INPUT DATA Block Start
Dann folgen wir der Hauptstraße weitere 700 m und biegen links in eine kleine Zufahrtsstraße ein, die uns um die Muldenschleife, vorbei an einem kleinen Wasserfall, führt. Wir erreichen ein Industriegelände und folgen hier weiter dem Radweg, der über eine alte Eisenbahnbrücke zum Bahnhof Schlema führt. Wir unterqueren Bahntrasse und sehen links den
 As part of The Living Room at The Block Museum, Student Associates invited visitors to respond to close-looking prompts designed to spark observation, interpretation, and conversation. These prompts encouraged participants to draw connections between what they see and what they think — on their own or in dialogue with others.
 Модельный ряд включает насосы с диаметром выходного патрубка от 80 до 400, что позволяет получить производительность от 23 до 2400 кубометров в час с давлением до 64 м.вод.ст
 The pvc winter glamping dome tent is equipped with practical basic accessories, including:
INPUT DATA Block End
INPUT DATA Block Start
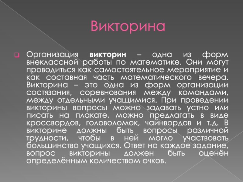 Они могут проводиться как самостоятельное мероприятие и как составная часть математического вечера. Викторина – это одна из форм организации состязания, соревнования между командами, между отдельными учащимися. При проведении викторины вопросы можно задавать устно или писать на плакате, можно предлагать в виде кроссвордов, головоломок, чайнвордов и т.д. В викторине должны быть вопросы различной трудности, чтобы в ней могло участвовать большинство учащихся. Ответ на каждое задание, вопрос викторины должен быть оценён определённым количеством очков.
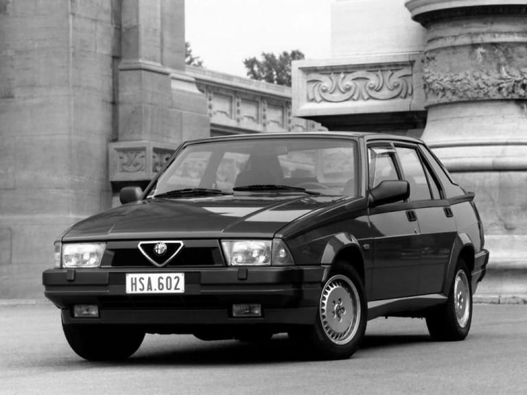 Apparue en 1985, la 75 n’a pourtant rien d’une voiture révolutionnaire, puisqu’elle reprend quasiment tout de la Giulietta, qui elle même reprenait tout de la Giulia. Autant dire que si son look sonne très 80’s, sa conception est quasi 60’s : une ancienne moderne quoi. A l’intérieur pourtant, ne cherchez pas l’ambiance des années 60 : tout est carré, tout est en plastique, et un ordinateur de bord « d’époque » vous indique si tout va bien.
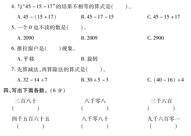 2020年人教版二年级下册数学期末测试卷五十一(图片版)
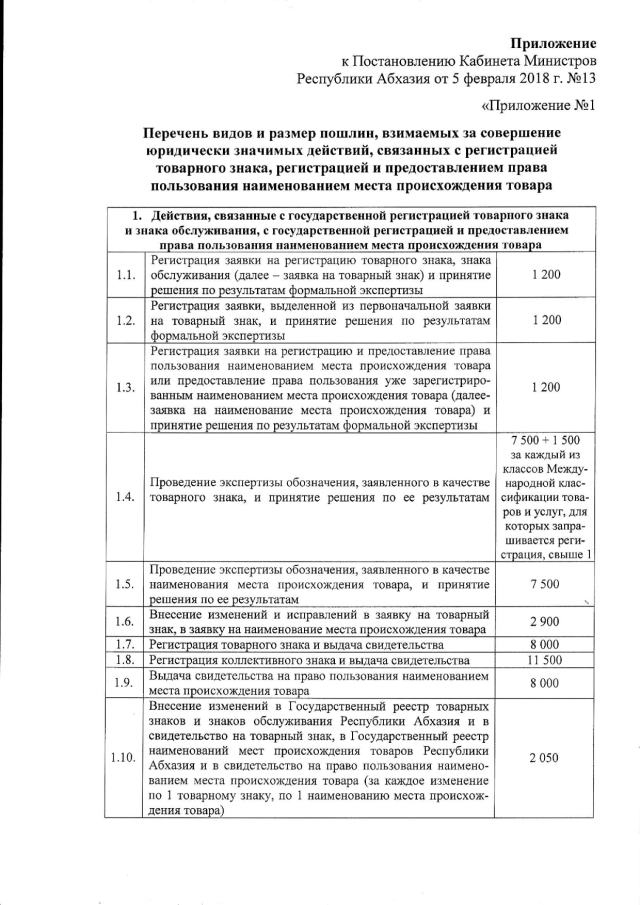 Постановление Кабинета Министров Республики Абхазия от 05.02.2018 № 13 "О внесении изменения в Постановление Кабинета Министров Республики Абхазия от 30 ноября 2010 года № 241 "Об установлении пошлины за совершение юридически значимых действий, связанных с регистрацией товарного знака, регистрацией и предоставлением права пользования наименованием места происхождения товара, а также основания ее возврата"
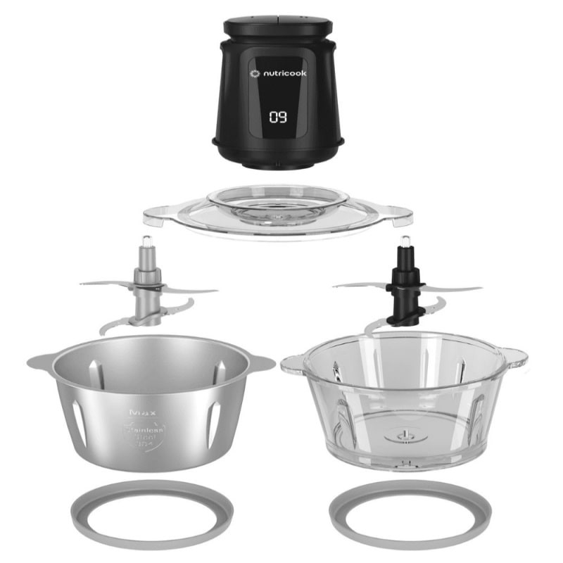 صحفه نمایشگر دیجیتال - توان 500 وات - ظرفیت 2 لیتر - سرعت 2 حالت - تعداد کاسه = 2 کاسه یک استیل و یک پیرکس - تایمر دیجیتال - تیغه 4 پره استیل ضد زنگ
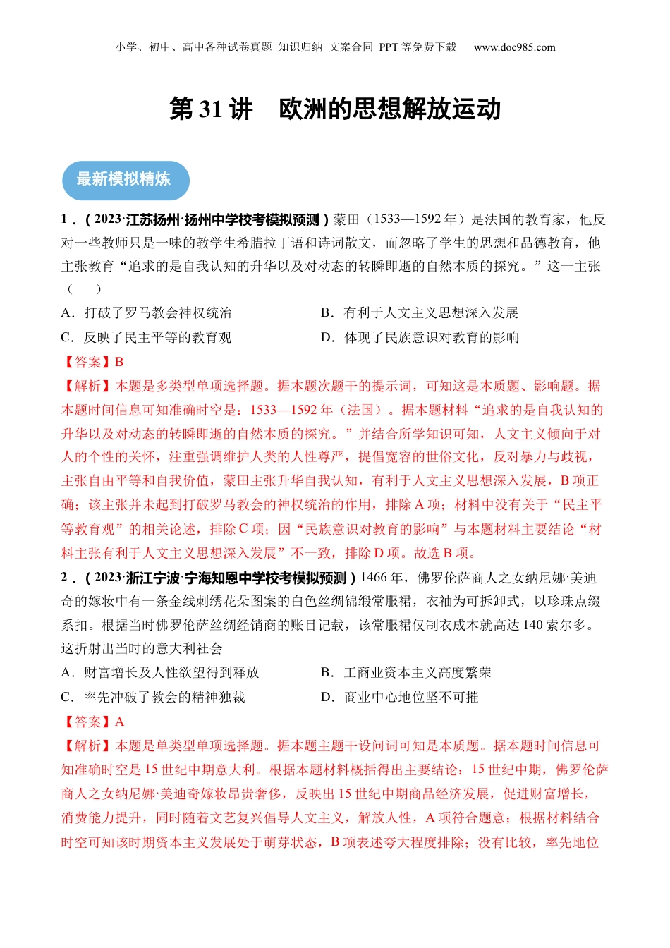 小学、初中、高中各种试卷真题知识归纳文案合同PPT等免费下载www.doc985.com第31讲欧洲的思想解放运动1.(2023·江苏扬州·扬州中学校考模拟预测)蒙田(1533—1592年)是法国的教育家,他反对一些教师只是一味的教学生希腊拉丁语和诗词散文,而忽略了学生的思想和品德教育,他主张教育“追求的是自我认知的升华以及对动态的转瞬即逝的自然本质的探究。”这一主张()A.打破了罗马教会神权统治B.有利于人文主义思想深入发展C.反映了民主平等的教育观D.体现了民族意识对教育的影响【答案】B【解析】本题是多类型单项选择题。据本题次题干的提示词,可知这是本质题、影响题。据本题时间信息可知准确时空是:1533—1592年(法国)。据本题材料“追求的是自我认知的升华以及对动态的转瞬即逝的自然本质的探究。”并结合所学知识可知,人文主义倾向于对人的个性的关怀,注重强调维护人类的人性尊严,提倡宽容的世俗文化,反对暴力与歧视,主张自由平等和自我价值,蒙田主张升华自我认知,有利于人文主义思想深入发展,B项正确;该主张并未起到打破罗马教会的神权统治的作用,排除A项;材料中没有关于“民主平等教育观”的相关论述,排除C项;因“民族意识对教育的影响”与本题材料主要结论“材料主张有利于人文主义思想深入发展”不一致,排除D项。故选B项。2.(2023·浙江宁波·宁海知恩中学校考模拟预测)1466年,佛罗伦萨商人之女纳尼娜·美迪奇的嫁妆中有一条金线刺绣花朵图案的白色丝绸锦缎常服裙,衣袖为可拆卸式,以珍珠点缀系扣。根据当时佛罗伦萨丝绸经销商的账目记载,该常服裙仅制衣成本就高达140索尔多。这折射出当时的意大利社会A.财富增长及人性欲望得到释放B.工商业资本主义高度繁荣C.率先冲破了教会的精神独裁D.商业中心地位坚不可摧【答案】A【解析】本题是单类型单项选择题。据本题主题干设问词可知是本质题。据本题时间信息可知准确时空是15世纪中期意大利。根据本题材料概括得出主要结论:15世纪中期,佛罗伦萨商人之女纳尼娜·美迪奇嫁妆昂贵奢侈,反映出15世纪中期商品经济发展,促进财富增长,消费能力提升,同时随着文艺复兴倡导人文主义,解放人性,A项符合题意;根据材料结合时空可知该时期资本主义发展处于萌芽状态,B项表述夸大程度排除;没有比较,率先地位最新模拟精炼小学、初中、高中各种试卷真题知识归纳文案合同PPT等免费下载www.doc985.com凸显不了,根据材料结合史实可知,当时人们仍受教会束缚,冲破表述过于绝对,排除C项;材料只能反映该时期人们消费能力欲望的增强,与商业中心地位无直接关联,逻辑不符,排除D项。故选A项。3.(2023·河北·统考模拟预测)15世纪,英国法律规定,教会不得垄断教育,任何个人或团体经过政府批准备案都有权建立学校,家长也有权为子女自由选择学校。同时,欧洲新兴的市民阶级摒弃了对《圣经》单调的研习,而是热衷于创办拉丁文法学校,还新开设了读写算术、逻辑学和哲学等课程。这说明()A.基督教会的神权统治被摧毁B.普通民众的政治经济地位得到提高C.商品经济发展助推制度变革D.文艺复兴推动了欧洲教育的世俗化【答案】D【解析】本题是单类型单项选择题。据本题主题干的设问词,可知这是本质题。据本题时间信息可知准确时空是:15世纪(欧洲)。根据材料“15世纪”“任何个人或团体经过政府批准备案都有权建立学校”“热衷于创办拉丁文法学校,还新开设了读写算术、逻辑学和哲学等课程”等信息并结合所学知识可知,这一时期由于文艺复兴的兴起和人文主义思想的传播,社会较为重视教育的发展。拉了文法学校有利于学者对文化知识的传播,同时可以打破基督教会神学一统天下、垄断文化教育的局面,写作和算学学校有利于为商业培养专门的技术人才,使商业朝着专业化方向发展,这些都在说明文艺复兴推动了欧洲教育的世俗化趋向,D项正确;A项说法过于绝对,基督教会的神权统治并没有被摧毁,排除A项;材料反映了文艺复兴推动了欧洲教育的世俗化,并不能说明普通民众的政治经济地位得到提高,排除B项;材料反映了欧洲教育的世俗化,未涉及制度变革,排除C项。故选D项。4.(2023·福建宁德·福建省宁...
INPUT DATA Block End
INPUT DATA Block Start
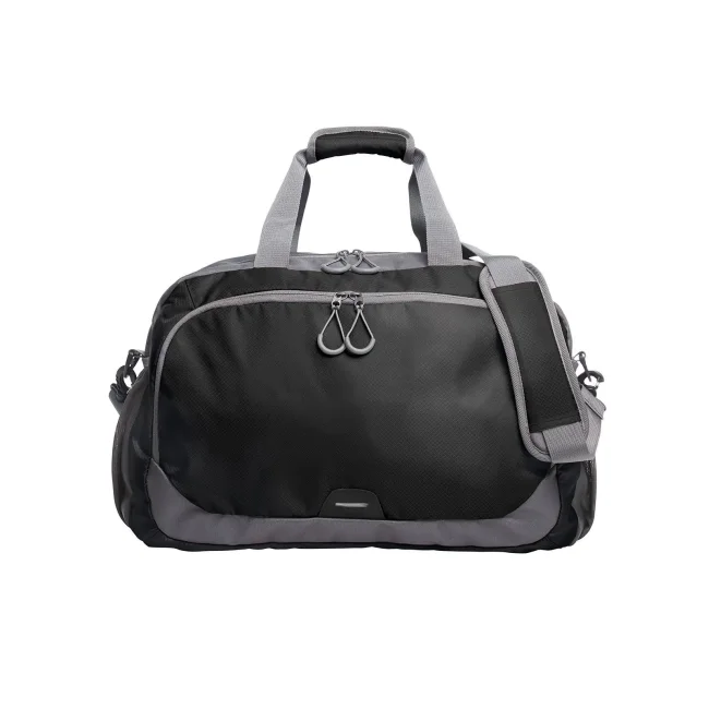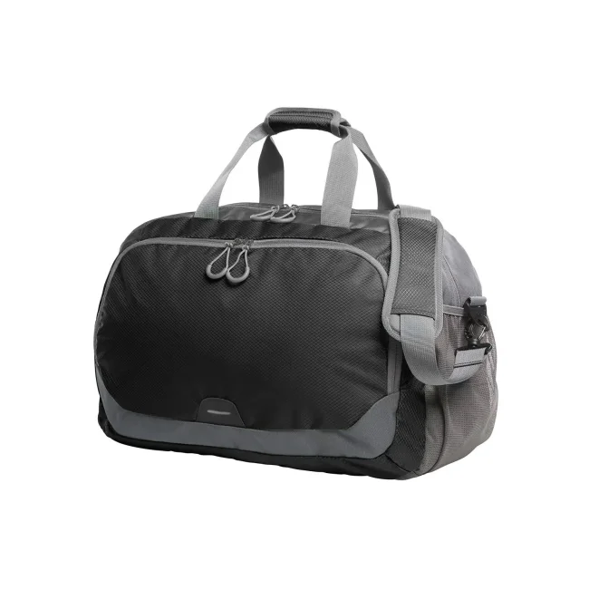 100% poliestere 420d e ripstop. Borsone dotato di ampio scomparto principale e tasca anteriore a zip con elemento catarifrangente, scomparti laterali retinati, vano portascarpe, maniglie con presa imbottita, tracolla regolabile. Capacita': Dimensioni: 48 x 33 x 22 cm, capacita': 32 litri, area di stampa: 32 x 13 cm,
INPUT DATA Block End
◆ TASK OBJECTIVE: Please reproduce the lines from the line with "Dann folgen wir" to the line with "As part of The", both ends included, exactly as they appear above.

◆ EXERCISE SOLUTION:
Dann folgen wir der Hauptstraße weitere 700 m und biegen links in eine kleine Zufahrtsstraße ein, die uns um die Muldenschleife, vorbei an einem kleinen Wasserfall, führt. Wir erreichen ein Industriegelände und folgen hier weiter dem Radweg, der über eine alte Eisenbahnbrücke zum Bahnhof Schlema führt. Wir unterqueren Bahntrasse und sehen links den
 As part of The Living Room at The Block Museum, Student Associates invited visitors to respond to close-looking prompts designed to spark observation, interpretation, and conversation. These prompts encouraged participants to draw connections between what they see and what they think — on their own or in dialogue with others.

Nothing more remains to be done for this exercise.